[Quayle Bridge House Papers]

Document 231 [MS. 510 C]

Our Oldest Legal Records:

Extracts from Sheading Court Rolls of A.D. 1417/18 preserved in an 18th century ‘Book of Precedents’

REGRETTABLY. few written records haaeve survived to throw light on Manx Life and Customs during the Middle Ages. Therefore the collection of extracts from certain Sheading Court Rolls of the early fifteenth century, printed below, is perhaps one of the most important of all the two hundred and thirty documents which have been published in the Journal.

The oldest document preserved in the Rolls Office is the well-known indenture of 1417 containing a list of the Twenty-four Keys, the names of several of whom reappear in the text now published.

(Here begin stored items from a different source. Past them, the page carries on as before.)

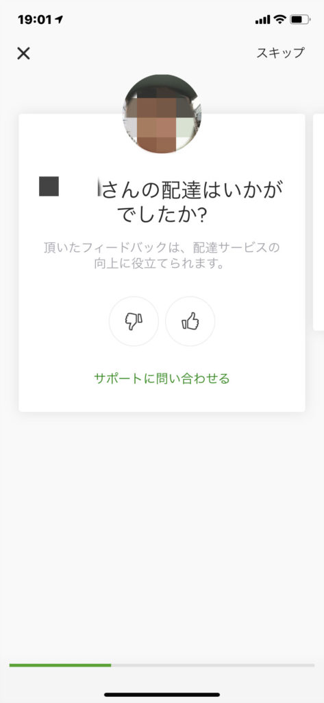 受け取りが完了すると、アプリで配達パートナー、料理、お店の評価をすることができます。スキップもできますし、何かある場合はメモを追加することもできます。特に問題なければGOODを押してあげましょう。相互評価がUberのシステムの肝ですので!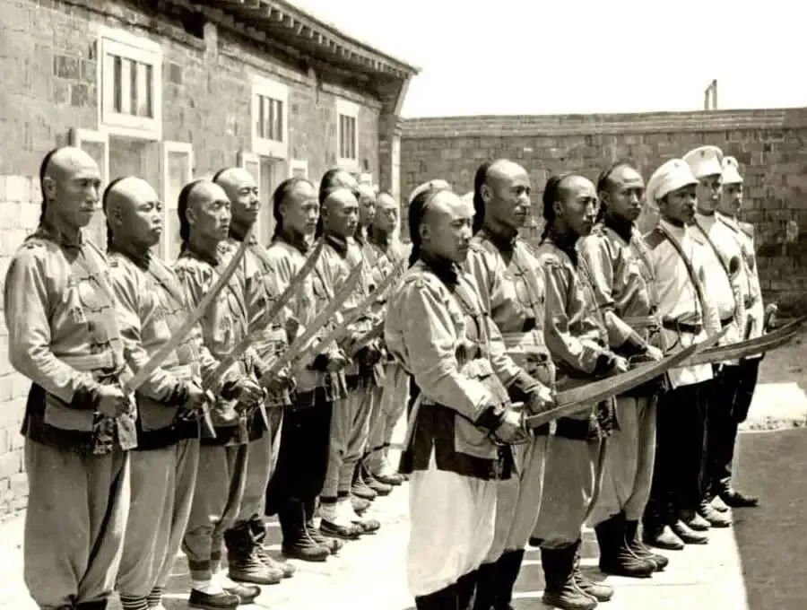 图中这群人手里的宽背刀叫雁翎刀,刀镡圆润,刀鞘绑在腰侧,站成一溜儿,辫子垂在脑后,旁边还有戴白盔的洋装军官,口令一落,刀尖一齐抬起,阳光一晃,寒光像水一样流过去,听说是租界里训练出来的队伍,管的却是城里自家的百姓,这种滋味,老一辈不愿多提。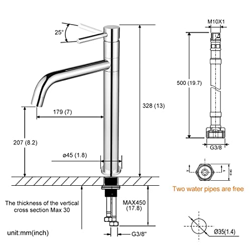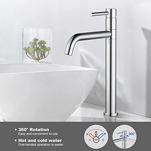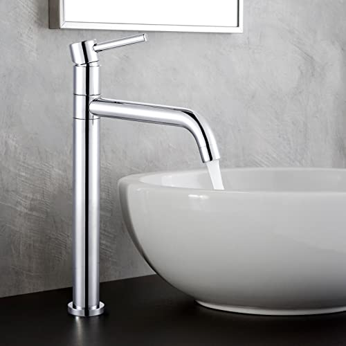 Scarico alto - il rubinetto è alto 32,8 cm e il design sottile con beccuccio alto 20 cm è adatto per lavabi da appoggio, per evitare schizzi d'acqua durante il lavaggio e per mantenere la bellezza del bagno.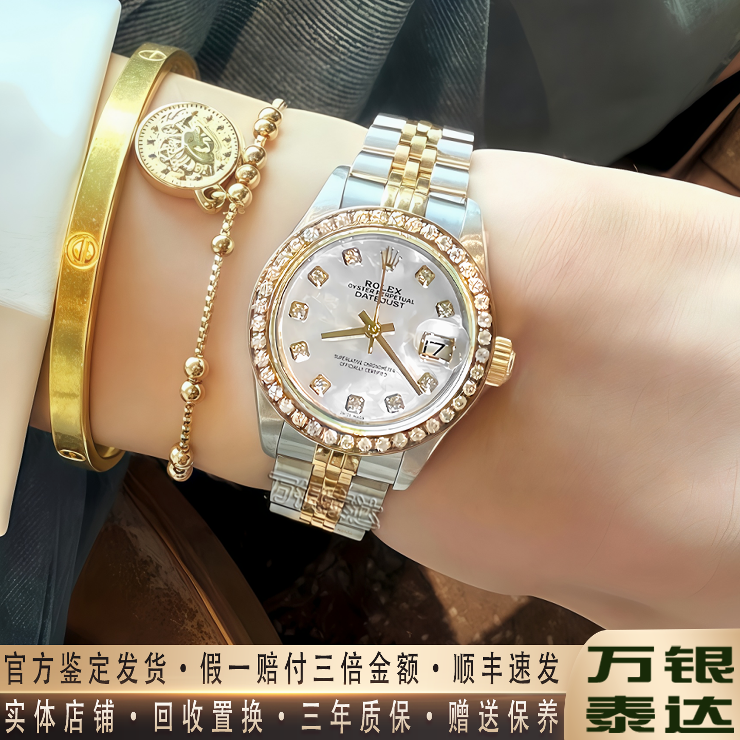 Rolex women's watch date type 18k yellow gold white mother-of-law diamond inlaid mechanical watch women's genuine 98 new 69173

The whereabouts of the original Sheading Court Rolls of the same year is not known at present. Fortunately extensive extracts were copied from the missing records about 1725 by John Quayle (of the Bridge House Family), then Clerk of the Rolls, in the course of a great collection of precedents which he assembled from the records existing at that time.

It is from John Quayle’s Book of Precedents that our text is derived .: but, owing to lack of space there is room only for a translation of the Latin version as copied by Quayle, and we are indebted to Mr. David Craine, MA., for much assistance in preparing the translation.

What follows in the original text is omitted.